WHAT YOU ARE ASKED TO DO:
Repeat exactly the lines of the records below, starting at the line containing "On the way back" and ending at the line containing "Iqra - Rhodium-Plated". Leave the pictures out.

EXERCISE INPUT:
☆ ☆ ☆ ☆ ☆

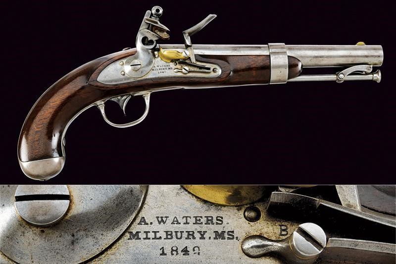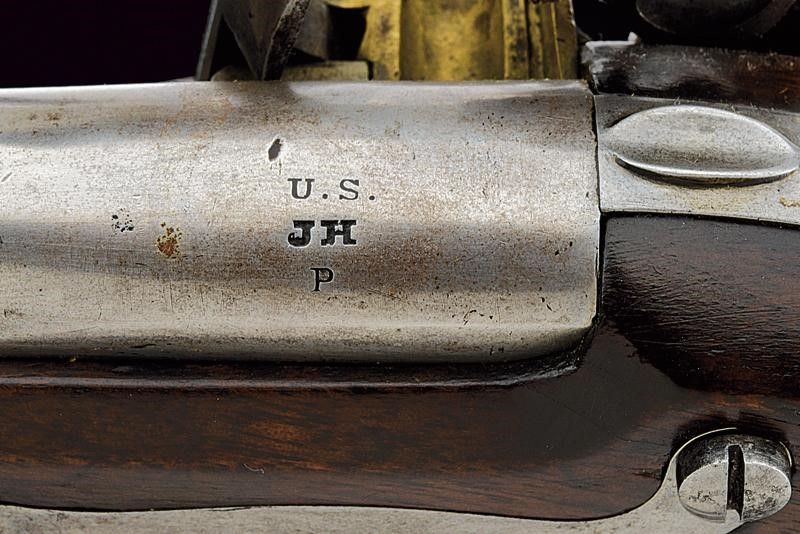 USA, lunghezza 35 cm. 1842 Canna tonda liscia con culatta punzonata 'US / JH / P'. In volata cal. 54. lunga 8-1/2'. Mirino in ottone, codolo con traguardo a sella. Batteria marcata 'A.WATERS / MILBURY MS' e con data '1842'. Punzone 'B'. L'interno della cartella con resti di finitura e vari punzoni. Meccanica ben funzionante. Cassa a tre quarti in legno con timbri d'ispezione militare sul fianco sinistro. Fornimenti in ferro. Bacchetta a snodo.
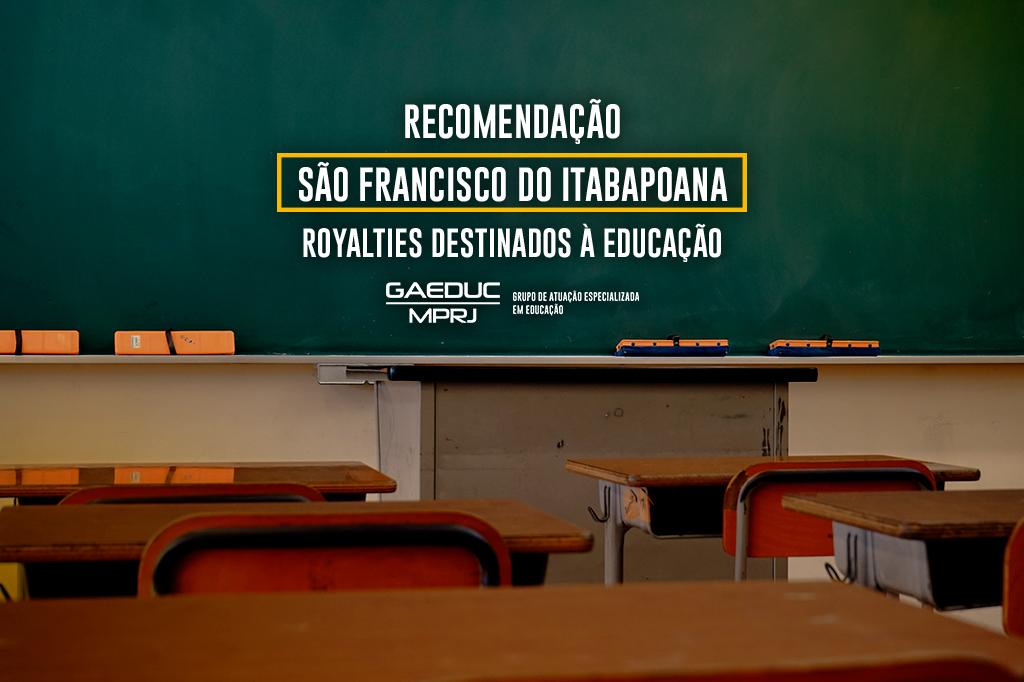 O Ministério Público do Estado do Rio de Janeiro (MPRJ), por meio do Grupo de Atuação Especializada em Educação (GAEDUC/MPRJ), expediu, no dia 20 de abril, Recomendação ao município de São Francisco de Itabapoana para que seja promovida a completa segregação financeira e garantida a correta aplicação dos recursos recebidos a título de Royalties e Participações Especiais e que se destinem ao custeio de ações de manutenção e desenvolvimento do ensino.
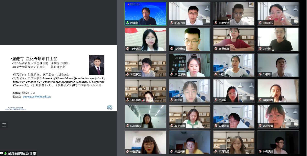 下午的讲座中,屈源育副教授对量化投资方向的研究生招生及教学内容进行了讲解。对外经济贸易大学一号娱乐 的量化专硕是一号娱乐 着重打造的精品项目,并在2018年获得国际量化金融协会(IAQF)认证,拥有单独的培养方案,选拔标准侧重数理基础扎实和动手能力强的学生。而毕业生去向广泛分布于各家大型基金、券商、保险和银行等机构 。
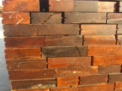 宏觀構(gòu)造:散孔材。管孔肉眼下明顯,少,略大;主為單管孔,少數(shù)徑列或斜徇復(fù)管孔(2~3個(gè));具黑色樹(shù)膠及硫磺色沉積物。軸向薄壁組織肉眼下明顯,發(fā)達(dá),翼狀及輪界狀。木射線放大鏡下明顯,密度中,甚窄。 木材材性: 微具光澤。紋理深交錯(cuò);結(jié)構(gòu)粗;質(zhì)量硬;強(qiáng)度高;干縮甚小。鋸、刨加工困難,樹(shù)膠易塞鋸齒;膠接、車旋、油漆性能良好;釘釘需先打孔;能腐蝕金屬。耐腐。干燥慢,但穩(wěn)定性很好。氣干密度value=".8" unitname="g" w:st="on">0.80g/cm3。 木材用途: 適用于室內(nèi)外裝修、重輕型木結(jié)構(gòu)、木地板、細(xì)木工、枕木、橋梁、碼頭、別墅庭院,雕刻、旋切裝飾單板,也是紅木家具的替代品。從硫磺色沉積物中可提取紋織染料等。
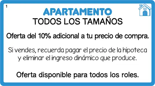 Si se trata de una venta, deberás liquidar el valor de tu ganancia aplicando las condiciones de la venta y restando el valor de la hipoteca o el crédito, además de actualizar tu HOJA DE JUEGO eliminando el activo, actualizando el tiempo y ajustando tu Estado de Resultados si fuese el caso. - COMISIONES: quien se beneficie de la tarjeta de VENTA, pagará una comisión del 1% del total de la venta o del beneficio total obtenido antes de pagar el crédito o hipoteca de cada tarjeta de OPORTUNIDAD que logre negociar. El mínimo valor de comisión permitido es de G1.000.
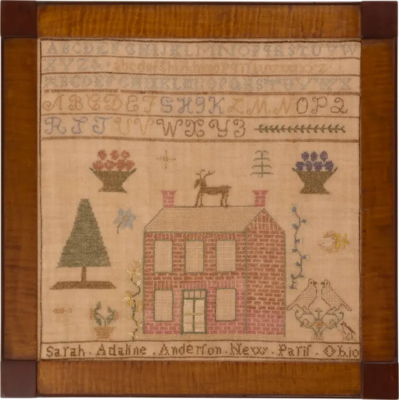 Sarah likely made her sampler when she was between 10 and 12 years old. The composition is ambitious, but the needlework might evidence a slightly less experienced hand. We particularly love the excellent brick house with a large stag on the roof. The pair of birds at lower right shows the influence of Quaker needlework design. Studebaker notes that the Quakers established a monthly meeting in Preble County in 1809.
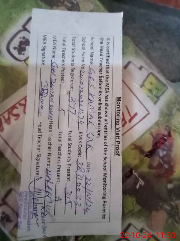 | EMIS Code: 38310033 | Name of School: GES KAMAR SAR | |||
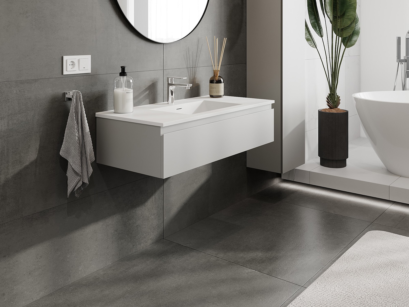 Vďaka pevným materiálom, precíznemu prevedeniu a moderným technologickým riešeniam, produkt poskytuje pohodlie používania, odolnosť voči vlhkosti a zmenám teploty, ako aj elegantný vzhľad, ktorý sa hodí k rôznym štýlom kúpeľní.
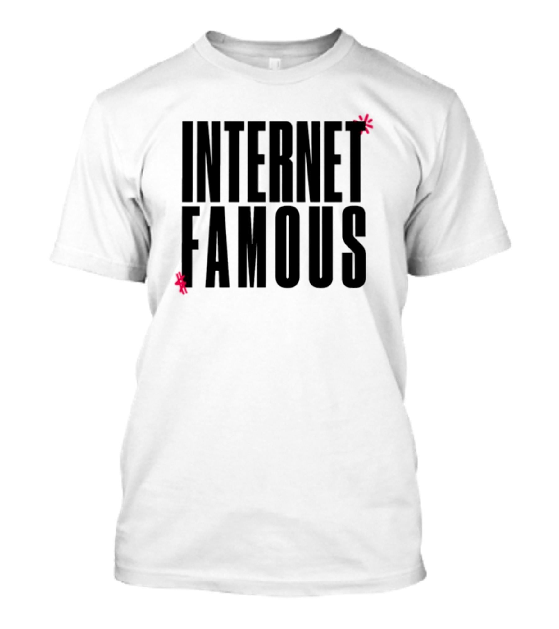The INTERNET FAMOUS Icon Black Red Accents T-shirt is designed for everyday wear and a consistent fit. Fabric is pre-shrunk ring-spun cotton with durable stitching. See the size chart below for exact measurements.
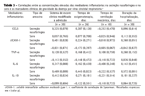 Na análise das correlações entre o sistema de escore clínico modificado, avaliado no dia da internação, e as concentrações dos mediadores inflamatórios na secreção nasofaríngea e no soro (primeiros espécimes) dos pacientes com ITRI por VSR, houve correlação positiva significante com sICAM-1 (r = 0,401; p = 0,028) e IL-10 (r = 0,412; p = 0,024) na secreção nasofaríngea e com IL-6 (r = 0,469; p = 0,009) no soro (Tabela 3).
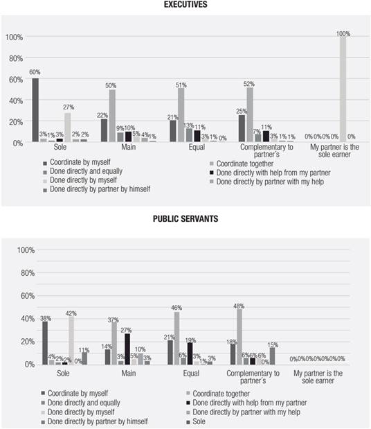 A condição das servidoras públicas, no que tange ao empoderamento financeiro e à responsabilidade pelas atividades do lar, é análoga à das executivas, ou seja, maior empoderamento financeiro não favorece maior equilíbrio quanto à responsabilidade pelas atividades do lar em relação ao homem (Gráfico 5). Para esse grupo, no entanto, há marcante diferença em relação às executivas. As servidoras públicas realizam as atividades do lar diretamente sozinhas ou com ajuda do par amoroso mais frequentemente do que as executivas, para as quais a coordenação com ajuda de empregados parece a alternativa quase unívoca (Gráfico 5).
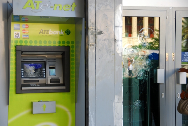 On the way back to the hotel, I spotted the front door of a bank riddled with bullet holes; no explanation:
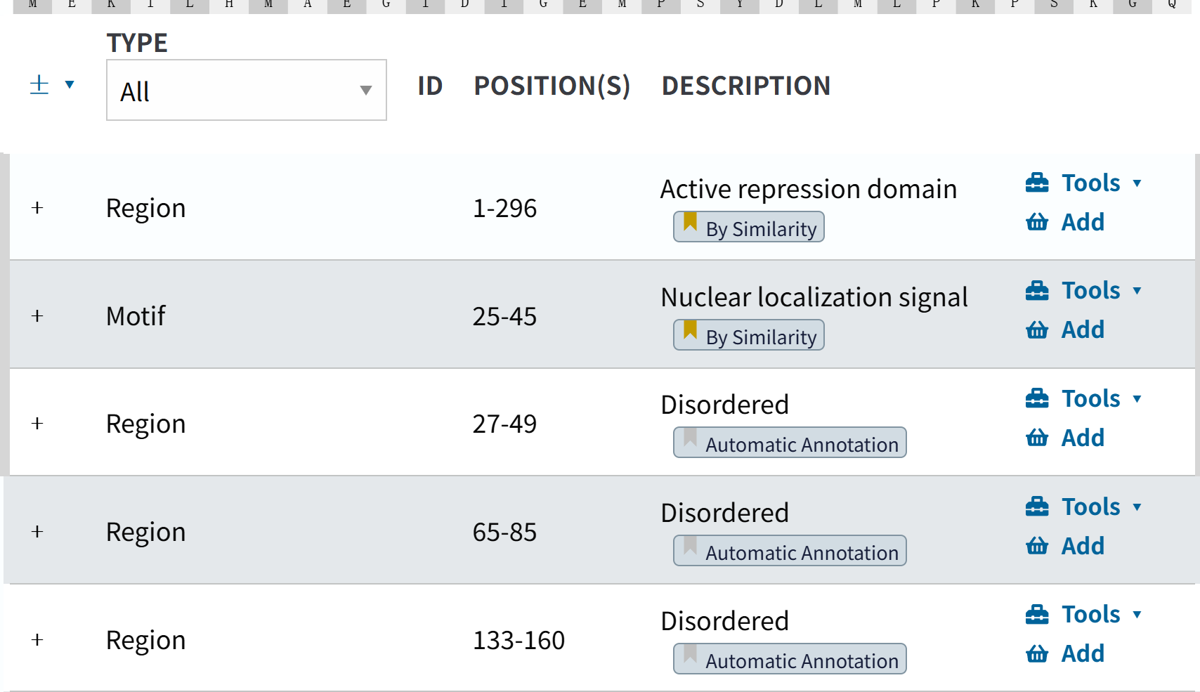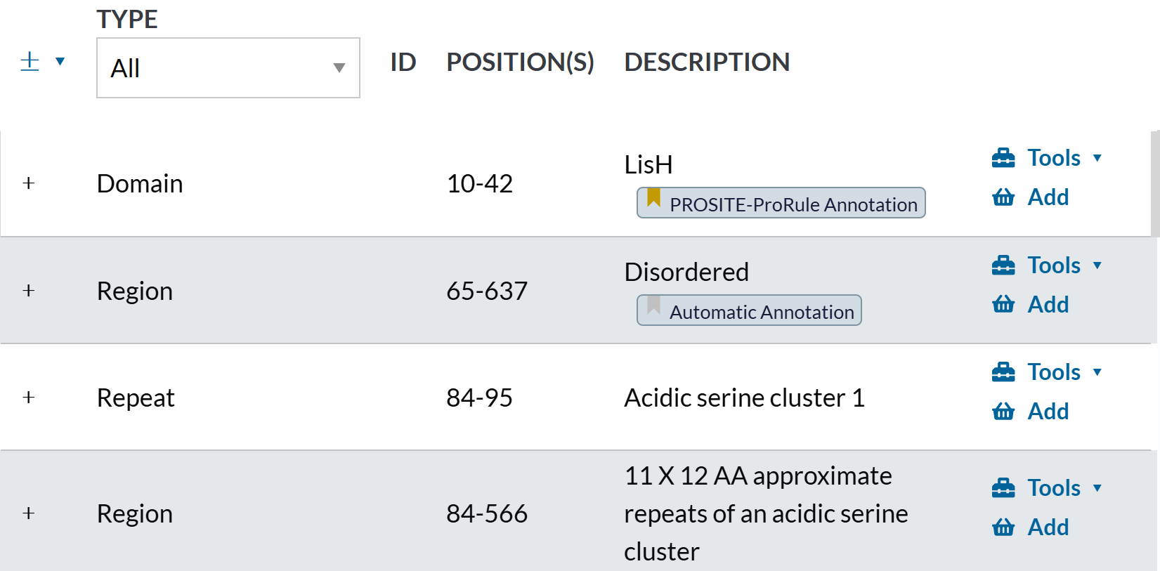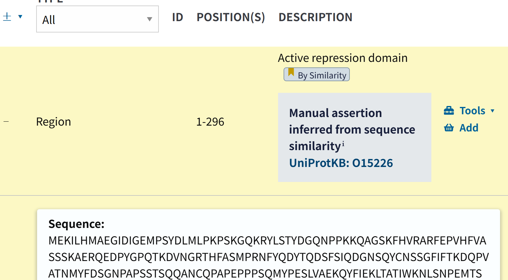 Region还可以,但是我看大多数都是描述disorder区域,但是我IDR区域完全可以用更好的工具来注释,所以这里Region可以保留,但是要排除掉’description’: 'Disordered’的项目
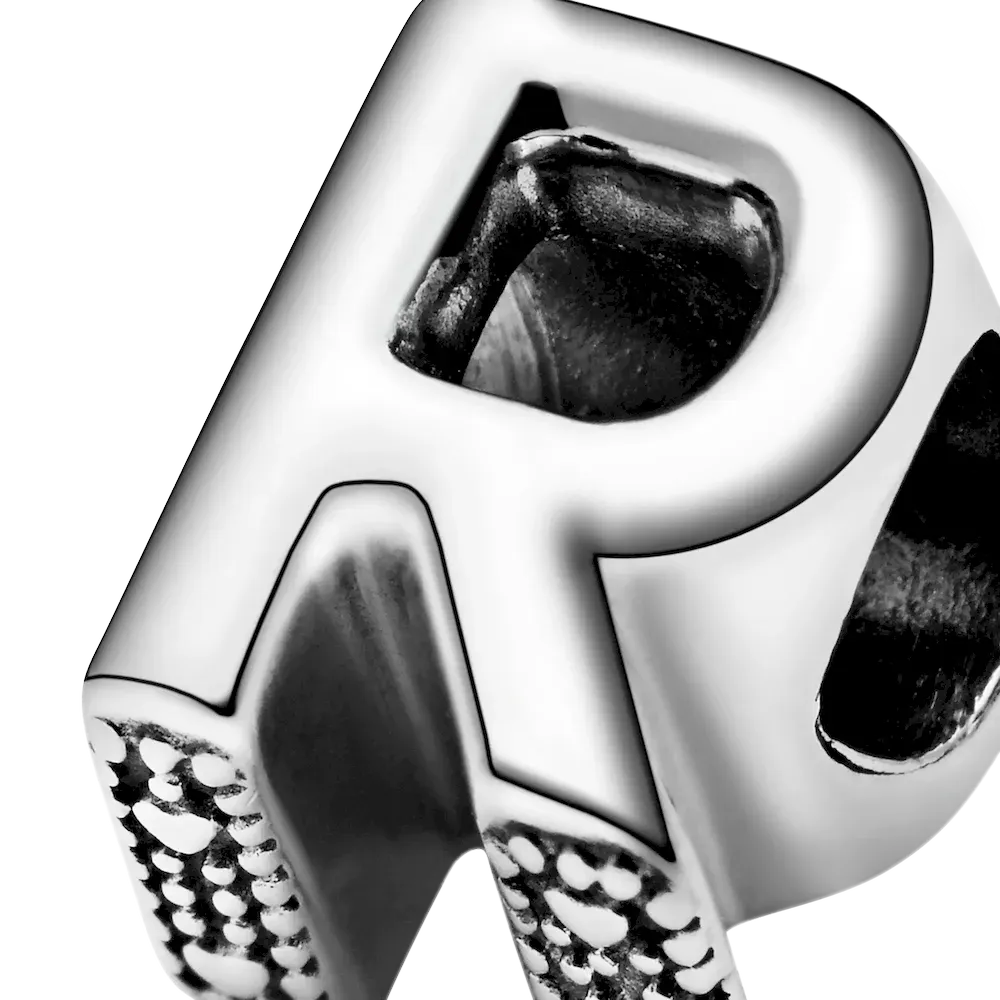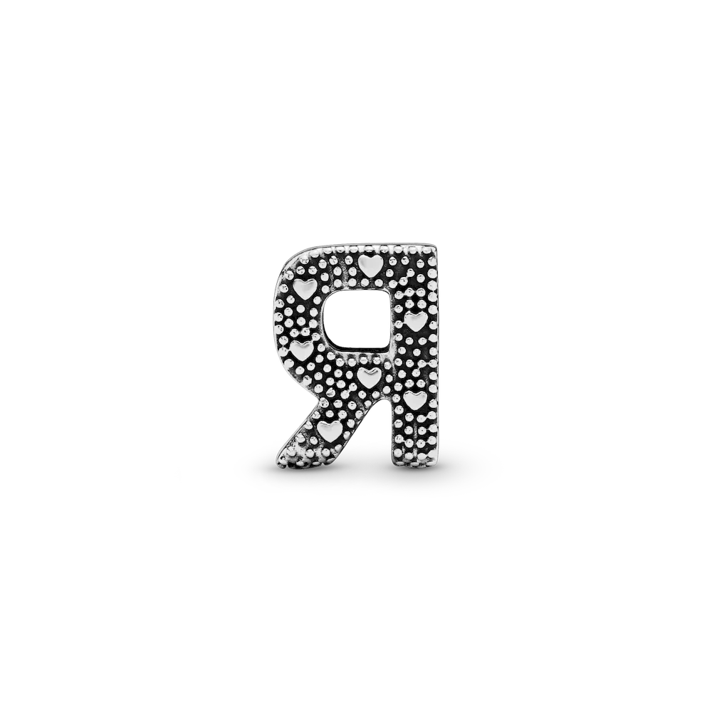 Tell your style story through our letter charms that let you spell out the words that mean the most to you. Monogram your Pandora Moments charm bracelet with important initials or create a personal message with the letter R. The reversible sterling silver charm is polished on the front and feature raised hearts and beads on the back. Add the letter R to your charm collection or gift it to someone that’s got a special connection to the letter.
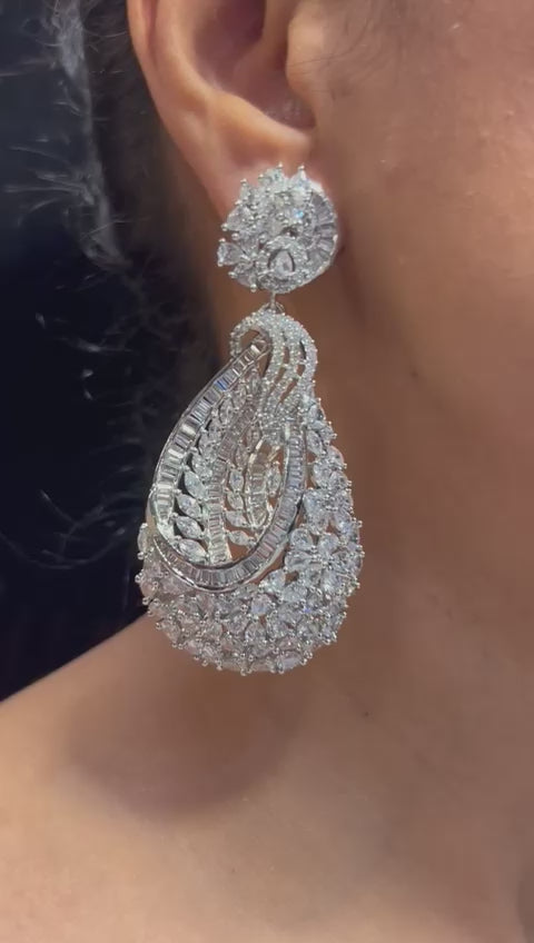 Iqra - Rhodium-Plated Indian Statement Earrings with White Diamante Accents
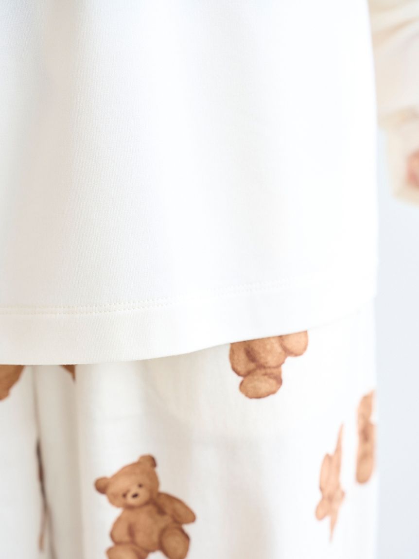 This bear-themed loungewear series is perfect for a cozy holiday seasons spent with family, friends, and loved ones. This long-sleeved T-shirt features a large cute bear print and the Gelato Pique Holiday logo. Crafted with soft, comfortable inlay material, it can also be worn as an inner layer under a jacket. Pair it with other bear pyjamas from the same collection or create a coordinating look with men's size.
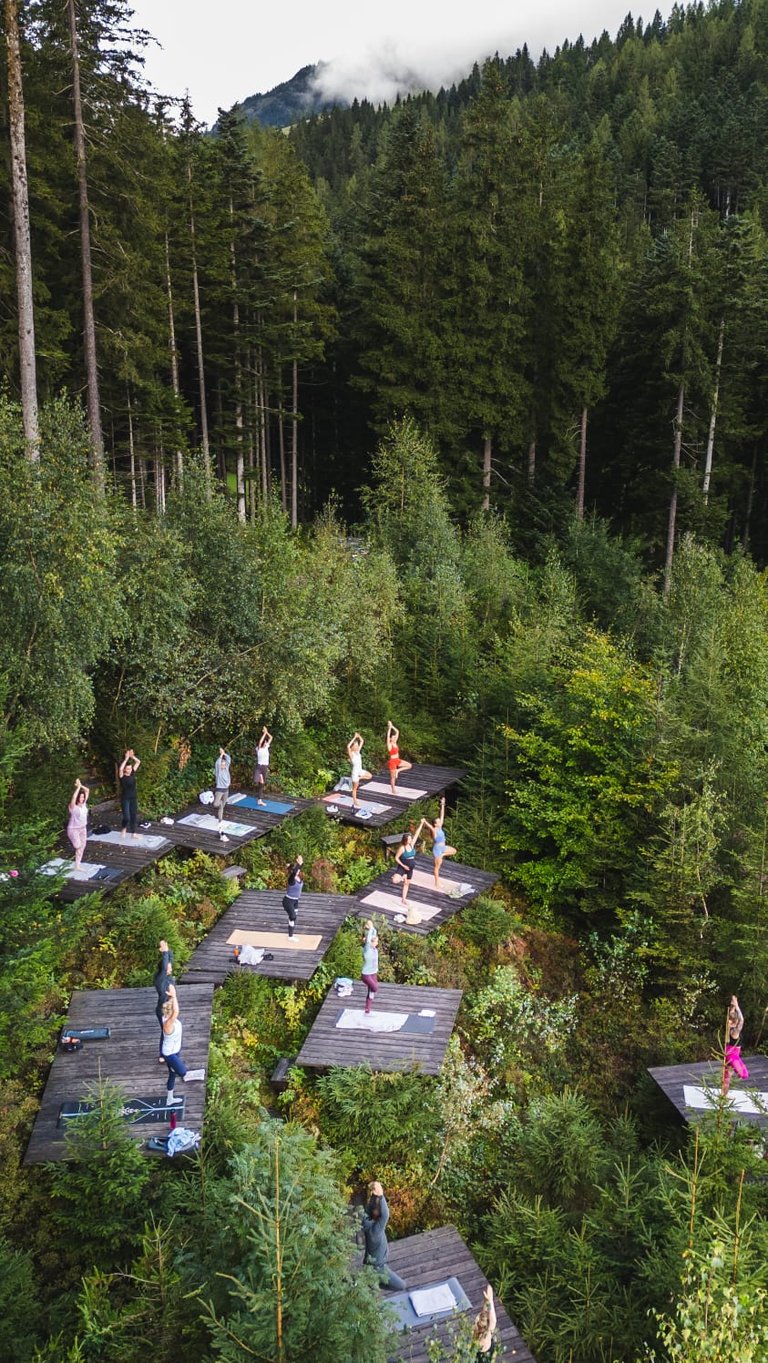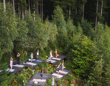 Du wirst alles finden, was du brauchst - kraftvolle Stunden, kreative Flows, Erholung, Ausgelassenheit, Stille und Natur pur! Umgeben von einer atemberaubenden Naturkulisse, genießen wir hauptsächlich Outdoor Yogastunden auf den wundervollen Yogaterrassen mitten im Wald atemberaubenden Ausblick.

☆ ☆ ☆ ☆ ☆

OUTPUT FOR THIS TASK:
 On the way back to the hotel, I spotted the front door of a bank riddled with bullet holes; no explanation:
 Region还可以,但是我看大多数都是描述disorder区域,但是我IDR区域完全可以用更好的工具来注释,所以这里Region可以保留,但是要排除掉’description’: 'Disordered’的项目
 Tell your style story through our letter charms that let you spell out the words that mean the most to you. Monogram your Pandora Moments charm bracelet with important initials or create a personal message with the letter R. The reversible sterling silver charm is polished on the front and feature raised hearts and beads on the back. Add the letter R to your charm collection or gift it to someone that’s got a special connection to the letter.
 Iqra - Rhodium-Plated Indian Statement Earrings with White Diamante Accents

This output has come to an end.